Activity:
Word for word, transcribe the lines below and drop the pictures.

Data below:
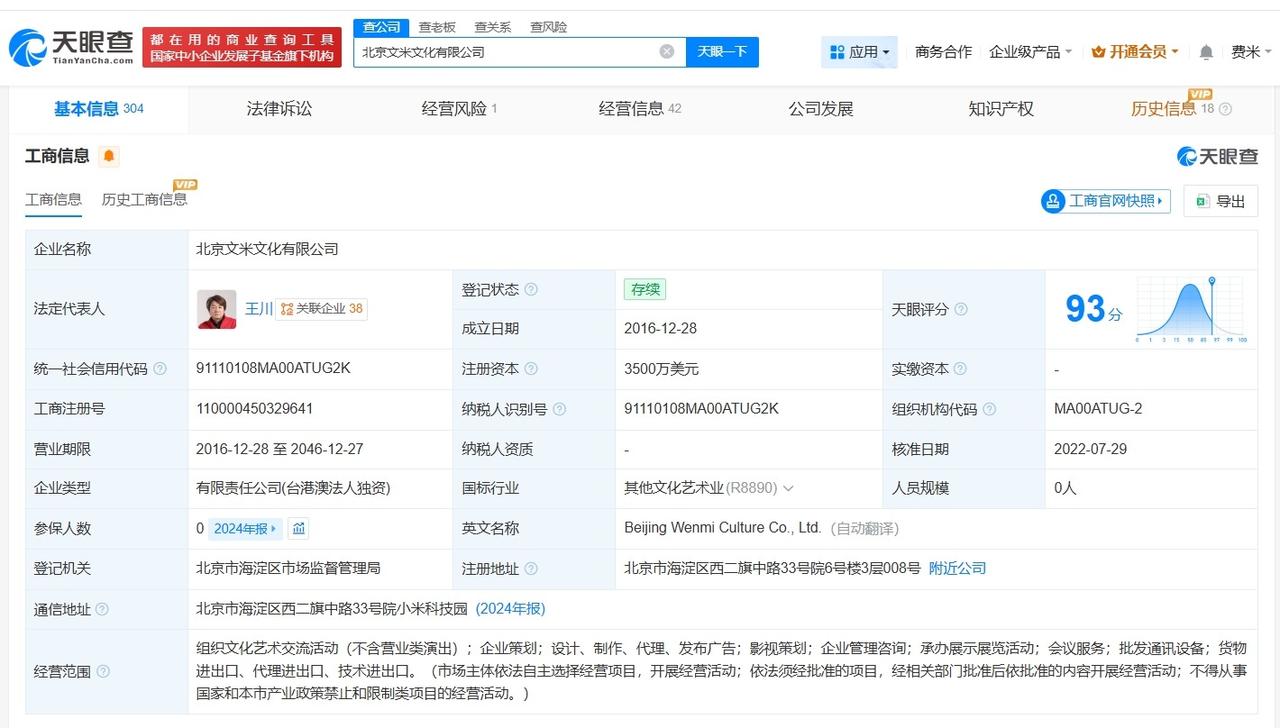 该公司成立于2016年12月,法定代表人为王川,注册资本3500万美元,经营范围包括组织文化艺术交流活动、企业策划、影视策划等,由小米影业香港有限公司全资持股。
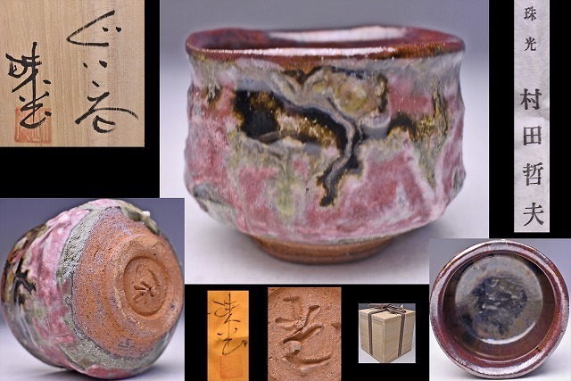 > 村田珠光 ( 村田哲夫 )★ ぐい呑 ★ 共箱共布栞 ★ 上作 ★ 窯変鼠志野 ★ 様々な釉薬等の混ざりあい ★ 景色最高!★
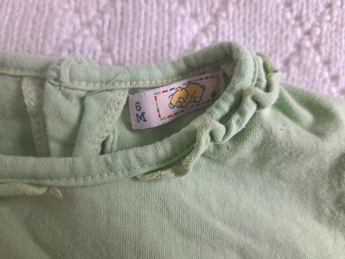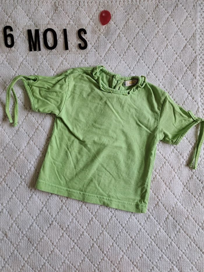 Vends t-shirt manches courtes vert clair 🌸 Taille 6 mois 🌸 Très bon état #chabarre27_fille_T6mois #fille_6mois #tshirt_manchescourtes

Response box:
 该公司成立于2016年12月,法定代表人为王川,注册资本3500万美元,经营范围包括组织文化艺术交流活动、企业策划、影视策划等,由小米影业香港有限公司全资持股。
 > 村田珠光 ( 村田哲夫 )★ ぐい呑 ★ 共箱共布栞 ★ 上作 ★ 窯変鼠志野 ★ 様々な釉薬等の混ざりあい ★ 景色最高!★
 Vends t-shirt manches courtes vert clair 🌸 Taille 6 mois 🌸 Très bon état #chabarre27_fille_T6mois #fille_6mois #tshirt_manchescourtes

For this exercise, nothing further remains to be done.